* _Stored data_
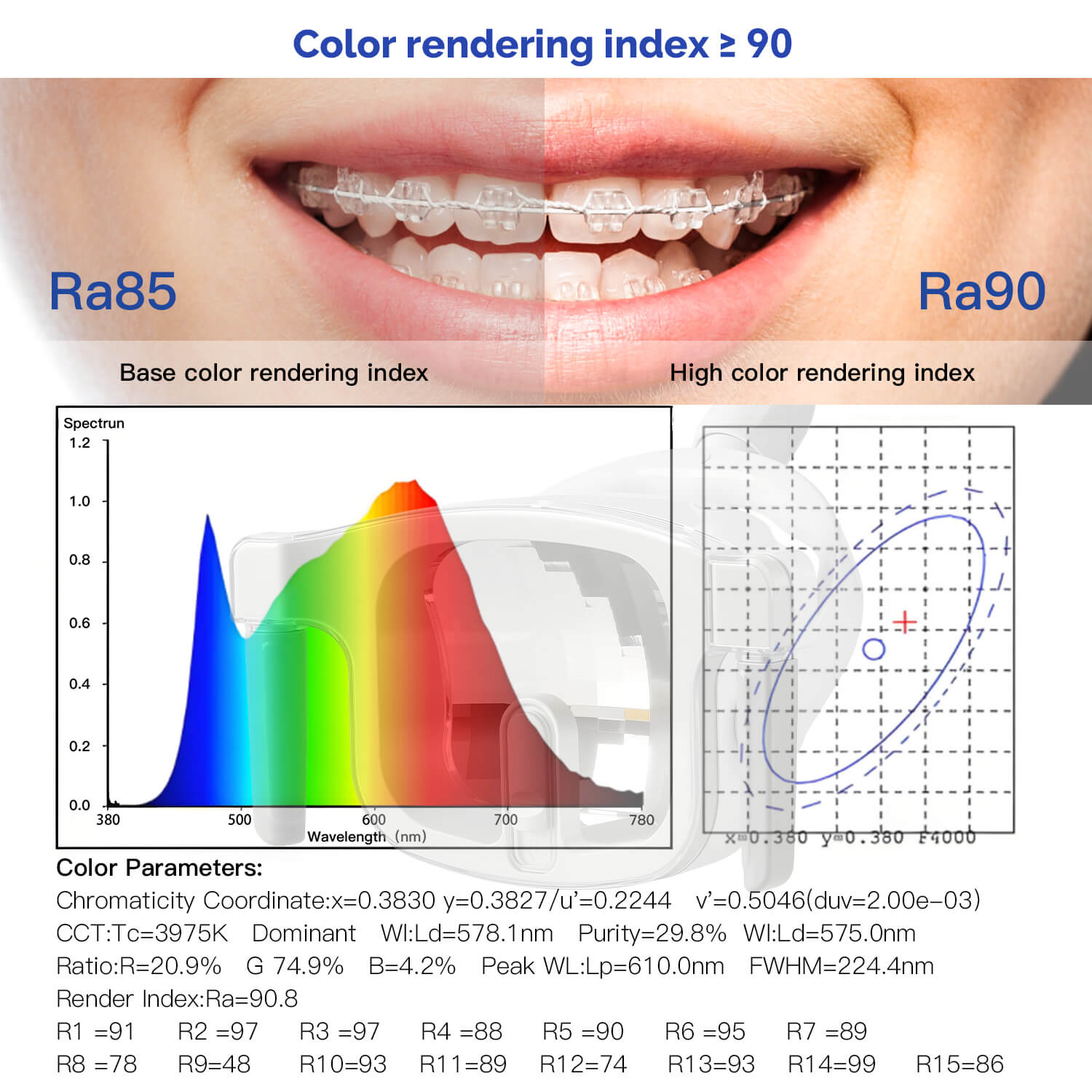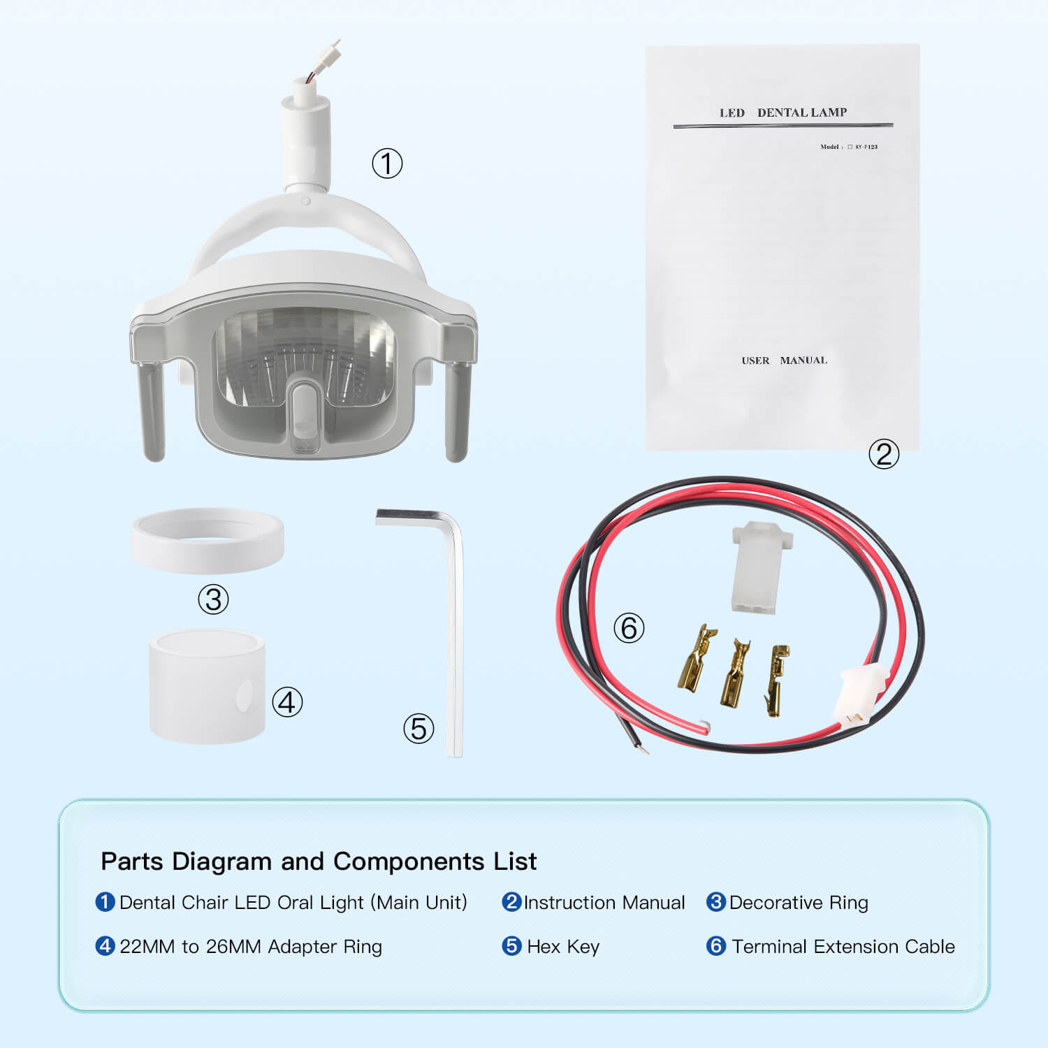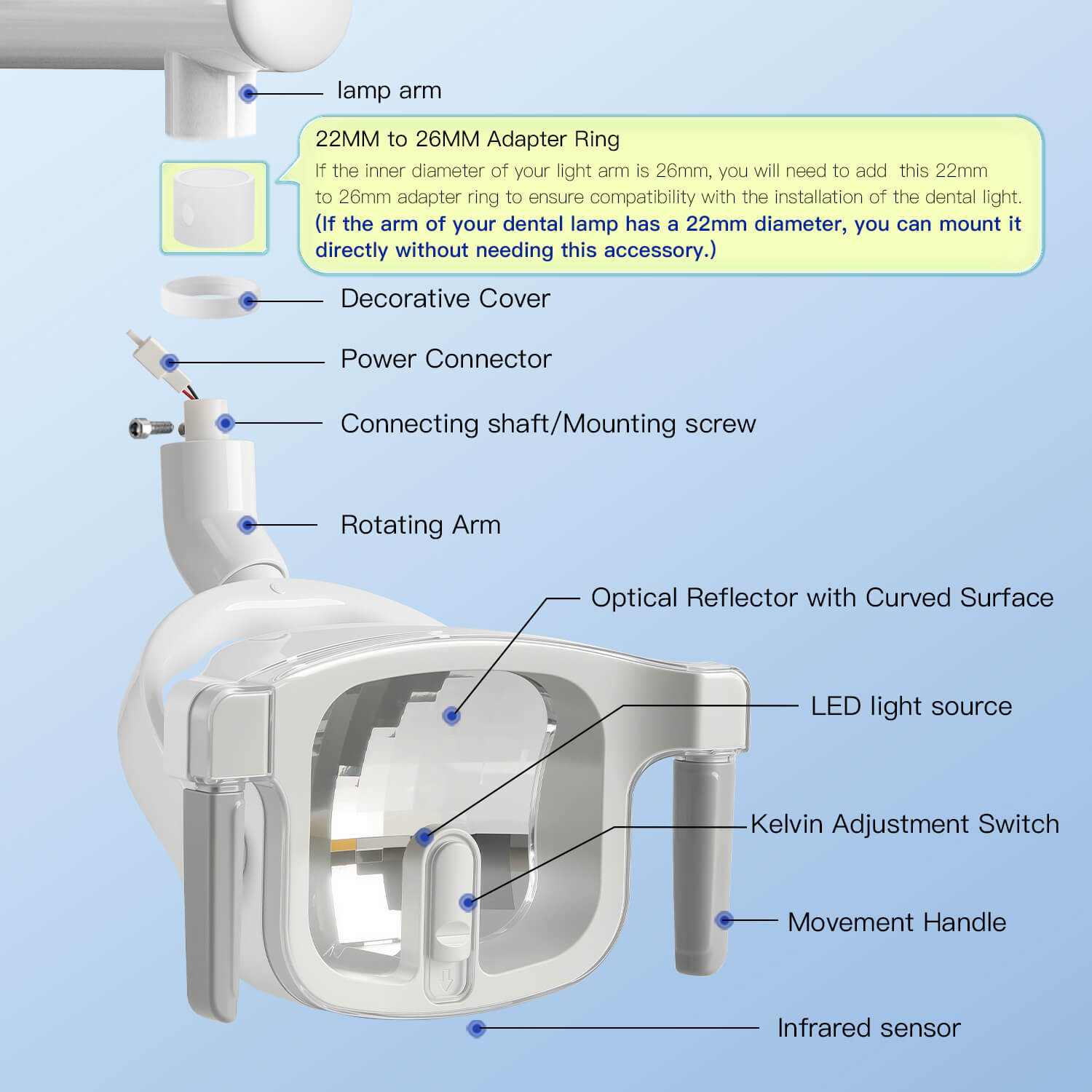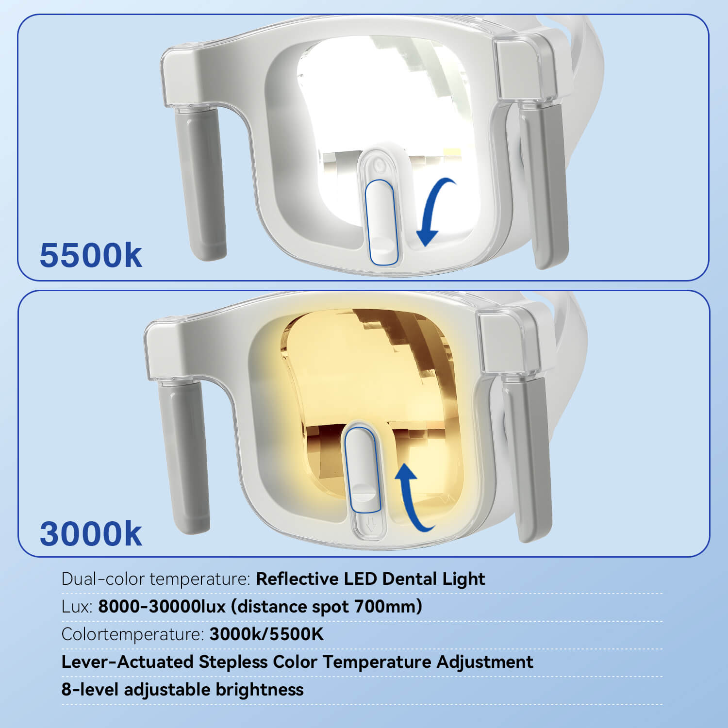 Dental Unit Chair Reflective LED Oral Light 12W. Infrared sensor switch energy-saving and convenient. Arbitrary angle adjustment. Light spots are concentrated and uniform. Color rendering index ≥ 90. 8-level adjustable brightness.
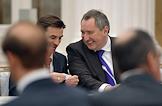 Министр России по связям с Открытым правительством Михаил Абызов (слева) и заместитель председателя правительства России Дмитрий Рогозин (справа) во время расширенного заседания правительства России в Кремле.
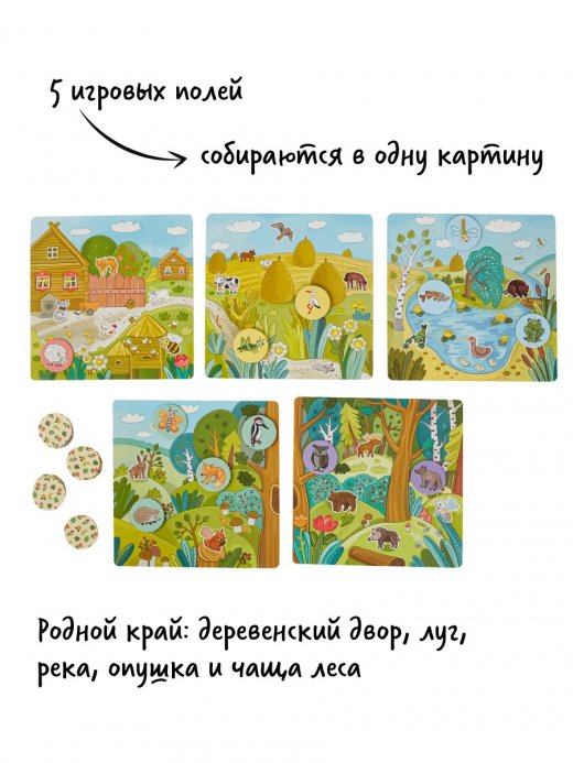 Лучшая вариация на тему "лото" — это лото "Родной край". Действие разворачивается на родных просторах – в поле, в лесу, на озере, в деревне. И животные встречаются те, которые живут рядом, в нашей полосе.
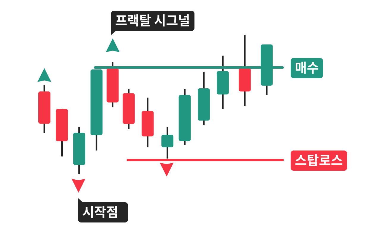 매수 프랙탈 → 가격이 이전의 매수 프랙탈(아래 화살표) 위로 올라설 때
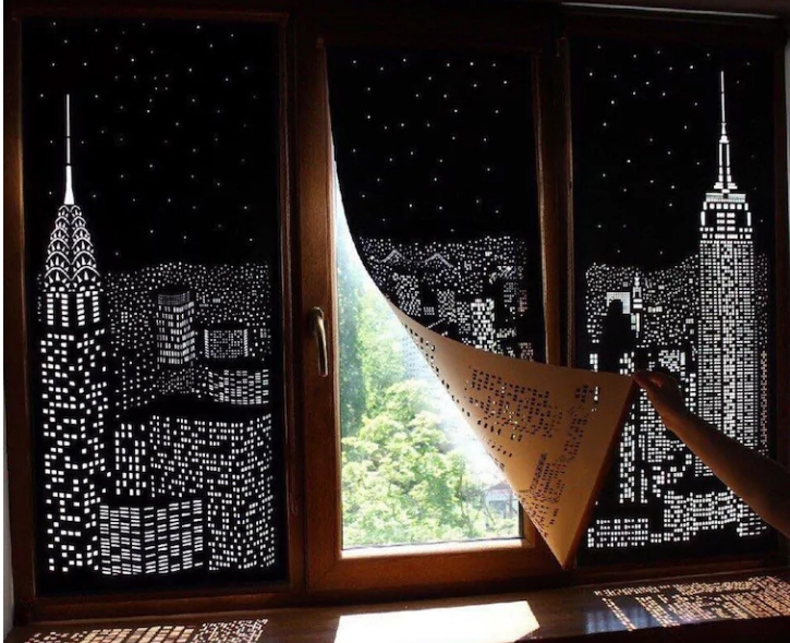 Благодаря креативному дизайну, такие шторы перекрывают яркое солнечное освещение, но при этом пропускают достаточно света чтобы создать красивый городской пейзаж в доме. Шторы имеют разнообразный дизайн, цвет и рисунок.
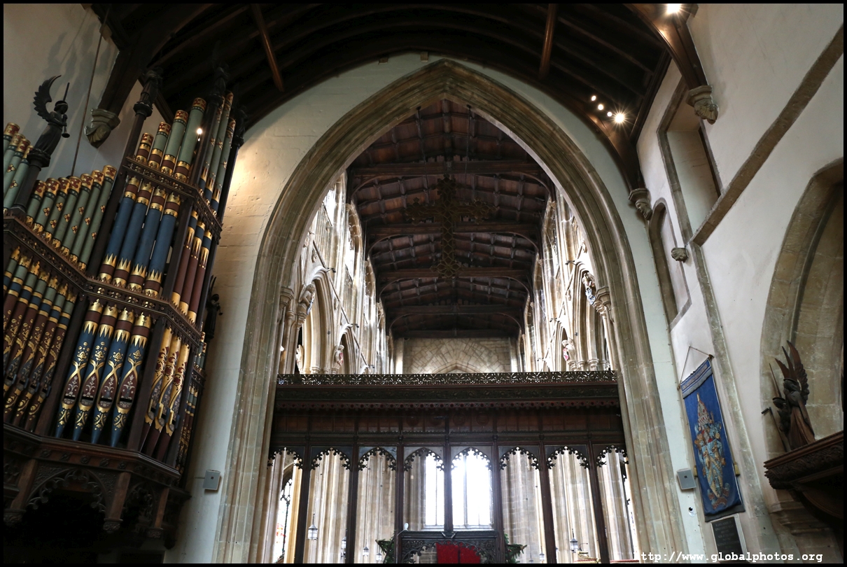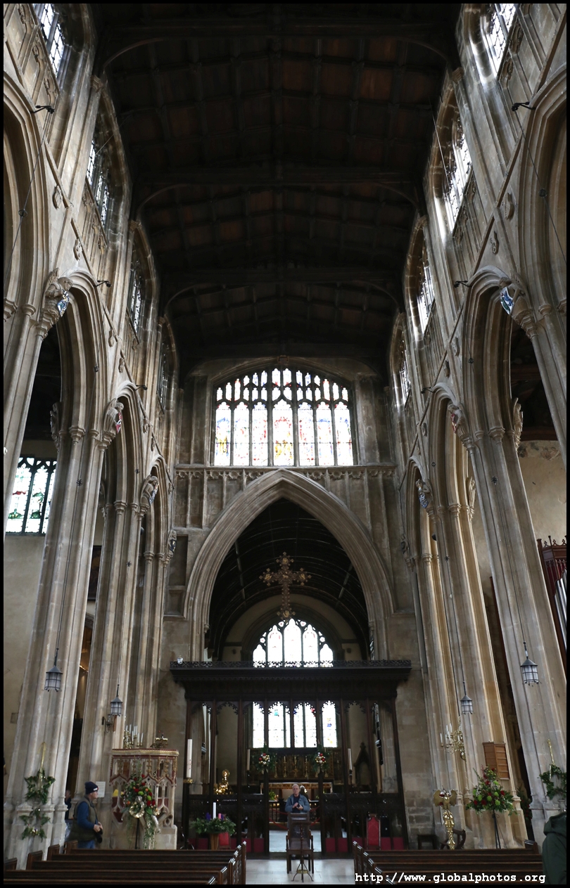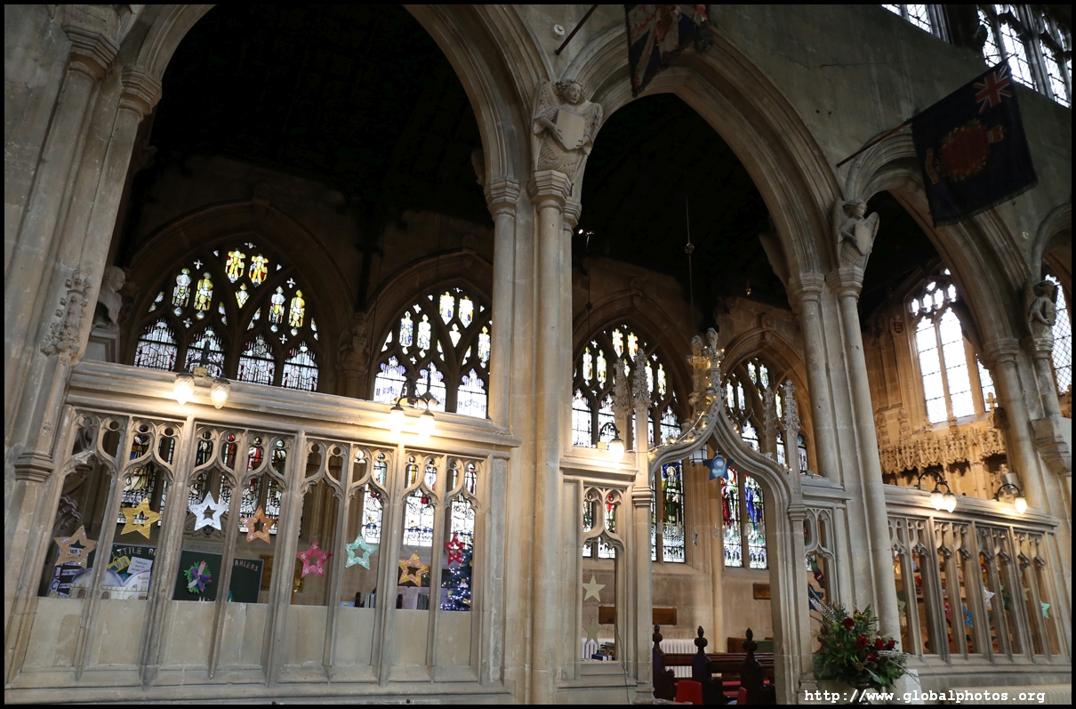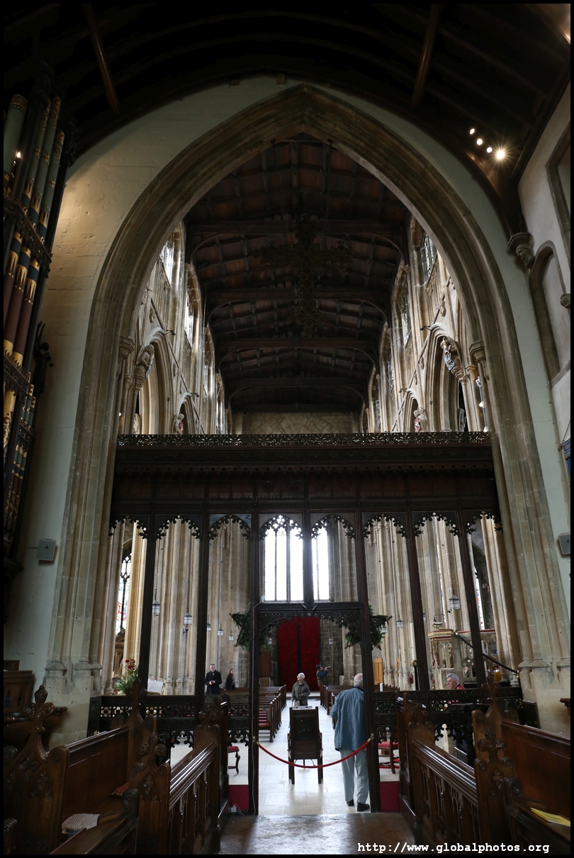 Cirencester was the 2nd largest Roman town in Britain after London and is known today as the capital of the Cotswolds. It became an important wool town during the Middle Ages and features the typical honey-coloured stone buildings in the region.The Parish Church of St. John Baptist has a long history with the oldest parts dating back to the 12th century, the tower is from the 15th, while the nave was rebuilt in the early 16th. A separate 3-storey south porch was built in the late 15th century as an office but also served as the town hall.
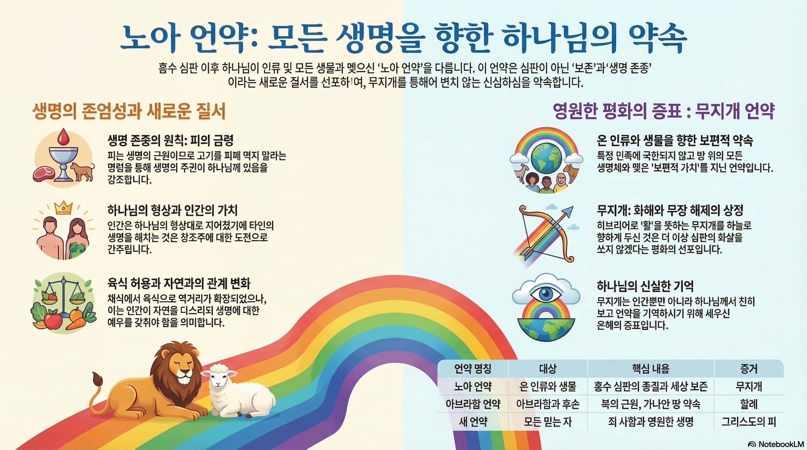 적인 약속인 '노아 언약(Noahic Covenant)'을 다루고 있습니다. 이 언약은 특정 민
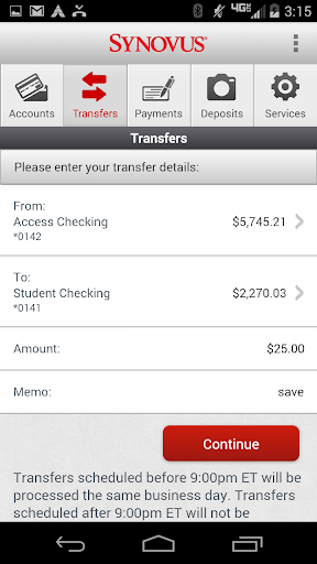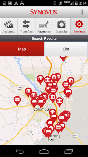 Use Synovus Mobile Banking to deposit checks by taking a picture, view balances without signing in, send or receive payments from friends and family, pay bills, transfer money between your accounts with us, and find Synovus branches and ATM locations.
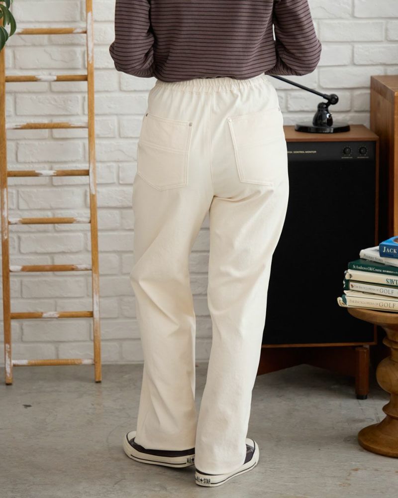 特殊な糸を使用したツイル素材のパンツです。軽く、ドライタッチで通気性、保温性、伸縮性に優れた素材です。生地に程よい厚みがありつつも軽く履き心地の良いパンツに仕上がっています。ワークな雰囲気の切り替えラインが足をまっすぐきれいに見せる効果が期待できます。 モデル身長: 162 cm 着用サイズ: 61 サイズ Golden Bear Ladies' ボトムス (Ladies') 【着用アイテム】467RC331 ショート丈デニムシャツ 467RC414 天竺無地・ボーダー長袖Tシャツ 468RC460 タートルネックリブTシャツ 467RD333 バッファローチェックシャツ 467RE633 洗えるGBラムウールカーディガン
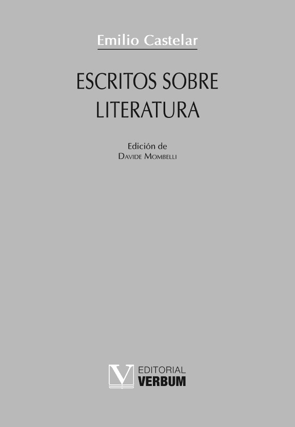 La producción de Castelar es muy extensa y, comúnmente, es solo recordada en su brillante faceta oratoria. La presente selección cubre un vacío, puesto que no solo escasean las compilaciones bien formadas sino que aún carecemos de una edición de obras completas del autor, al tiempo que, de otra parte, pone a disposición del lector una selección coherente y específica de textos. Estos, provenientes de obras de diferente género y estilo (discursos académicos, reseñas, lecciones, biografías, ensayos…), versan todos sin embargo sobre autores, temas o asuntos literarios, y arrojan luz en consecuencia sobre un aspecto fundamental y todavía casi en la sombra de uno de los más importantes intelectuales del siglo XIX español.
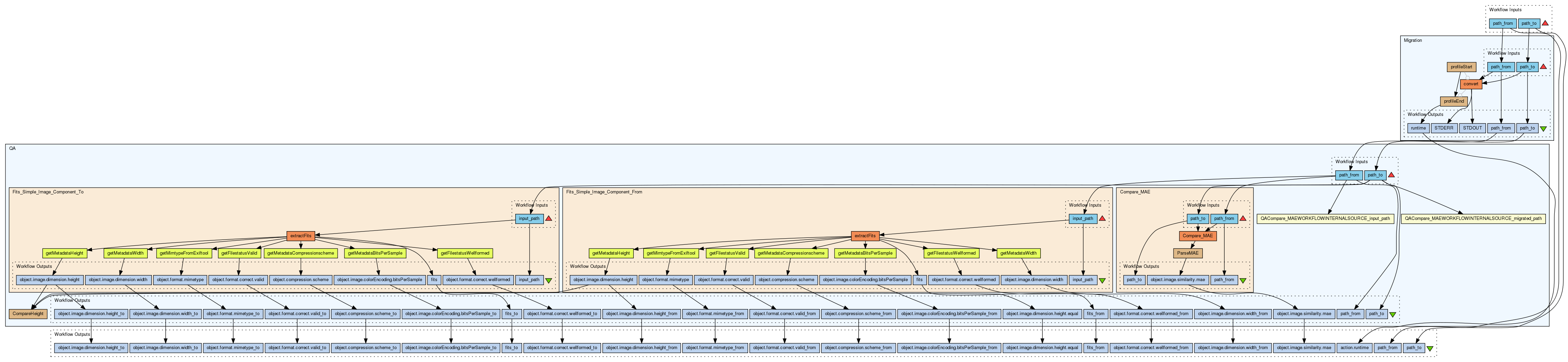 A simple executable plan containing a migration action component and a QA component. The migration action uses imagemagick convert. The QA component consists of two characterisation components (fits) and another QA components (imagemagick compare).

* _DESCRIPTION OF THE TASK_
Return only the stretch above from the line containing "Лучшая вариация на" through the line containing "Благодаря креативному дизайну, такие", word for word and without pictures.

* _TASK OUTPUT_
 Лучшая вариация на тему "лото" — это лото "Родной край". Действие разворачивается на родных просторах – в поле, в лесу, на озере, в деревне. И животные встречаются те, которые живут рядом, в нашей полосе.
 매수 프랙탈 → 가격이 이전의 매수 프랙탈(아래 화살표) 위로 올라설 때
 Благодаря креативному дизайну, такие шторы перекрывают яркое солнечное освещение, но при этом пропускают достаточно света чтобы создать красивый городской пейзаж в доме. Шторы имеют разнообразный дизайн, цвет и рисунок.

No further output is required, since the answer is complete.